Saved entries
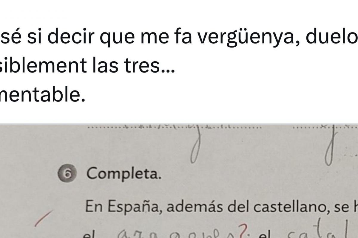 "En España, además del castellano, se habla otras lenguas como", reza el enunciado. Y las respuestas de la alumna han sido: "Aragonés, catalán y el vasco". Como se puede ver en la foto que ha compartido el padre, la profesora ha tachado "aragonés" y ha escrito "gallego".
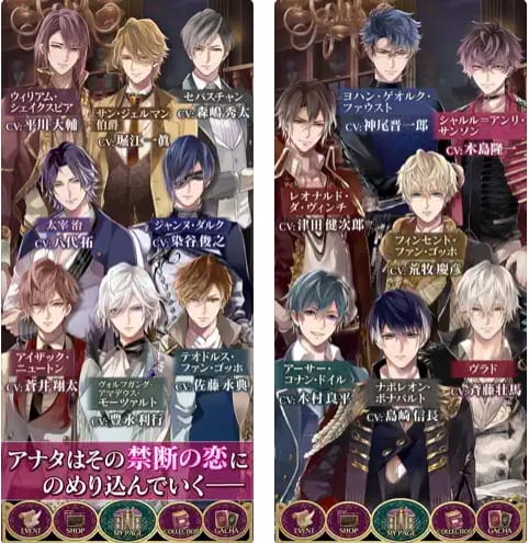 イケメンヴァンパイアの魅力は、なんといってもイケメンキャラクターたちです。歴史上の偉人たちをモチーフにしたキャラクターたちは、それぞれが個性的で魅力的です。プレイヤーは、自分の好みのキャラクターを選んで、恋愛ストーリーを進めていくことができます。
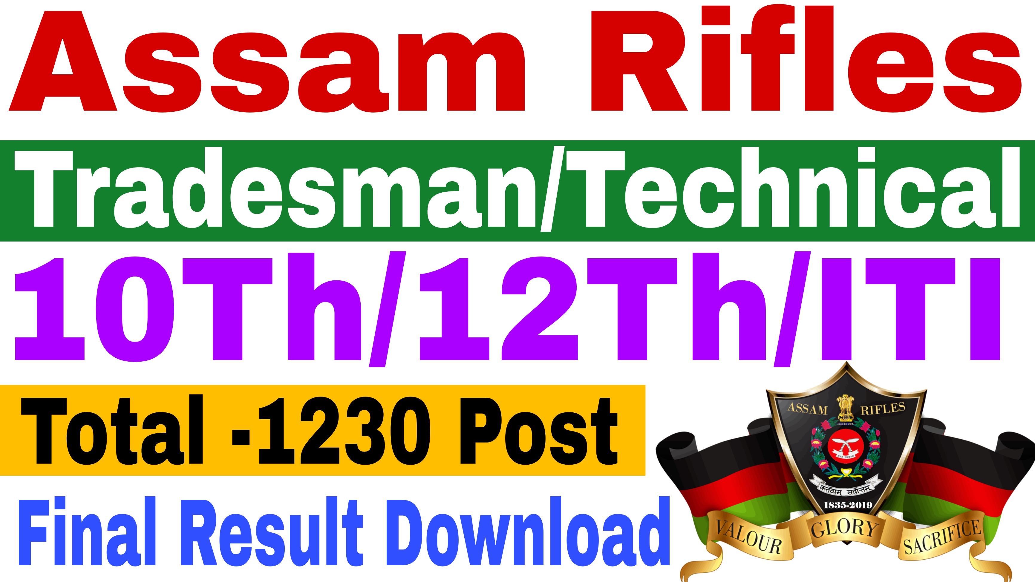 FINAL RESULT OF ASSAM RIFLES TECHNICAL & TRADESMAN RECRUITMENT RALLY 2021-22
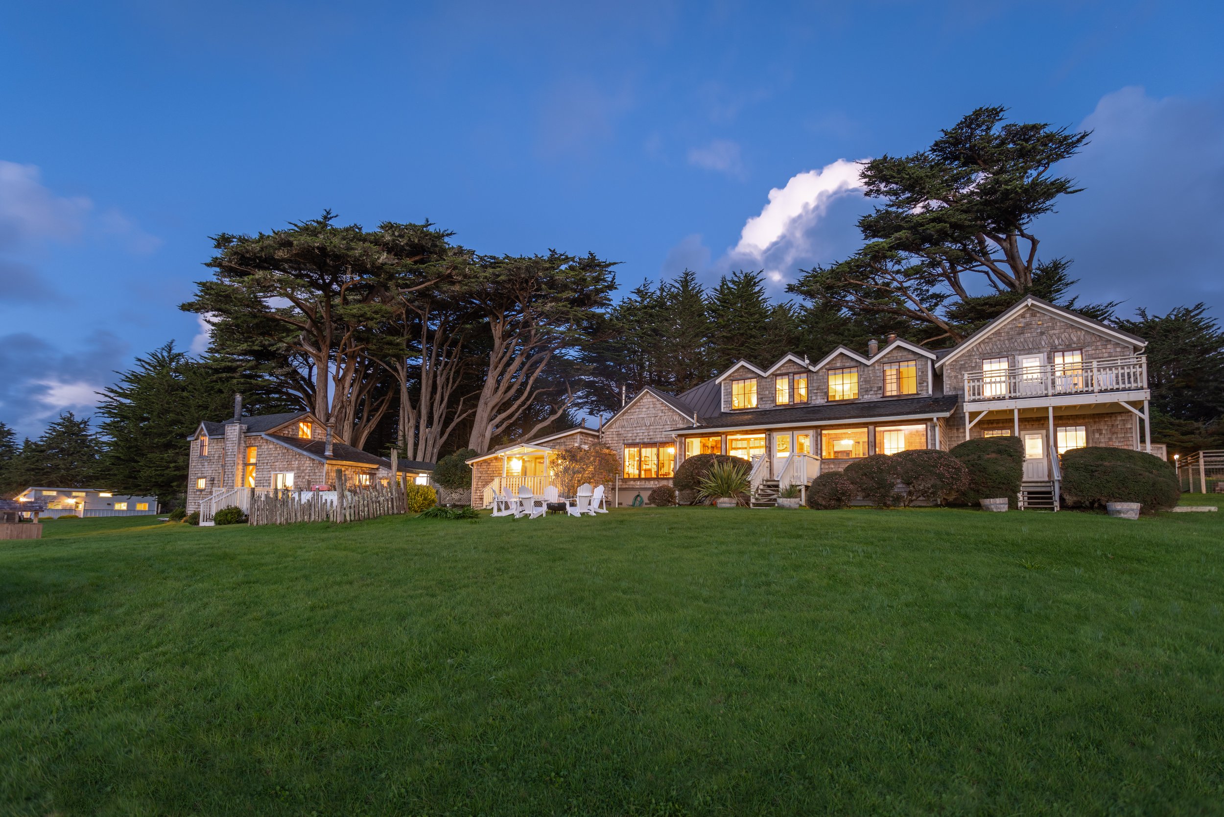 This picturesque historic retreat on the rugged Northern California Coast, is just minutes from Mendocino and near several popular California state parks. Our expansive property features a main house and three charming cottages, offering ample space for gatherings of any kind. With spacious decks, lush lawns adorned with Adirondack chairs, and breathtaking ocean views, it's the perfect setting for weddings, family reunions, or year-round group getaways. Escape the hustle and bustle as you relax in our coastal oasis, where every corner invites serenity and connection. Plan your unforgettable coastal experience with us today.
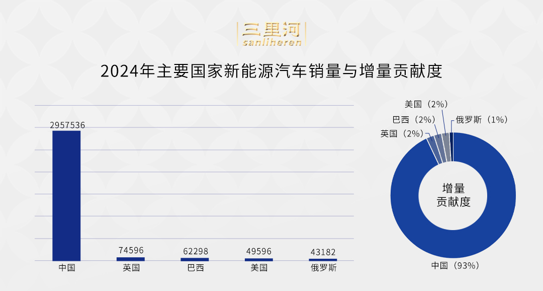 “2024年中國新能源乘用車銷量對世界的增量貢獻(xiàn)度是93%,英國、巴西、美國都是2%,俄羅斯1%,所以整個世界新能源車總體的增量貢獻(xiàn)基本就是在中國?!?/p>
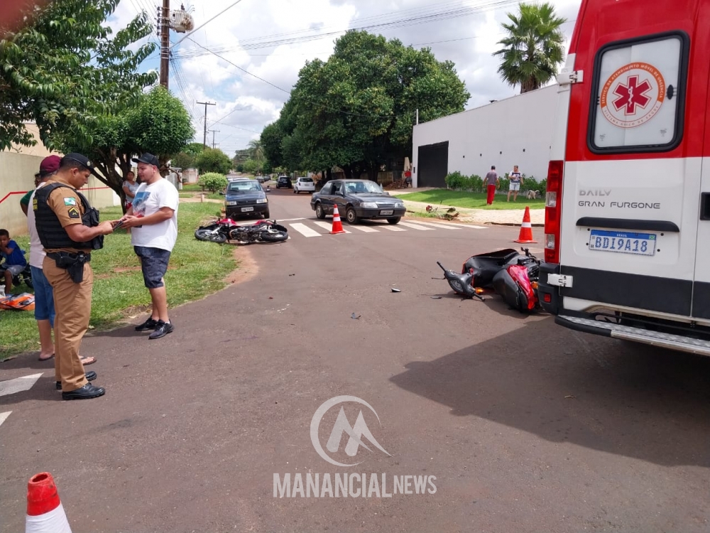 De acordo com as informações, a Honda Biz transitava pela rua Toledo e a XRE 300 vinha pela rua Guaíra quando acabaram se chocando.
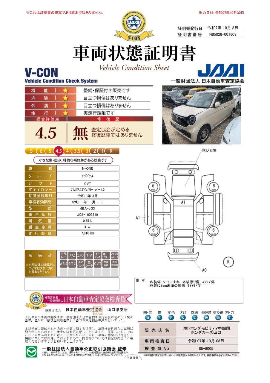 車両保証(N-ONE オリジナル:Honda Cars 山口 防府西店(認定中古車取扱店))

* [TASK DIRECTIONS]: In the records above, find the line that contains "This picturesque historic", then write it out along with every line after it, exactly, through the last one. Leave the pictures out.

* [EXERCISE RESPONSE]:
 This picturesque historic retreat on the rugged Northern California Coast, is just minutes from Mendocino and near several popular California state parks. Our expansive property features a main house and three charming cottages, offering ample space for gatherings of any kind. With spacious decks, lush lawns adorned with Adirondack chairs, and breathtaking ocean views, it's the perfect setting for weddings, family reunions, or year-round group getaways. Escape the hustle and bustle as you relax in our coastal oasis, where every corner invites serenity and connection. Plan your unforgettable coastal experience with us today.
 “2024年中國新能源乘用車銷量對世界的增量貢獻(xiàn)度是93%,英國、巴西、美國都是2%,俄羅斯1%,所以整個世界新能源車總體的增量貢獻(xiàn)基本就是在中國?!?/p>
 De acordo com as informações, a Honda Biz transitava pela rua Toledo e a XRE 300 vinha pela rua Guaíra quando acabaram se chocando.
 車両保証(N-ONE オリジナル:Honda Cars 山口 防府西店(認定中古車取扱店))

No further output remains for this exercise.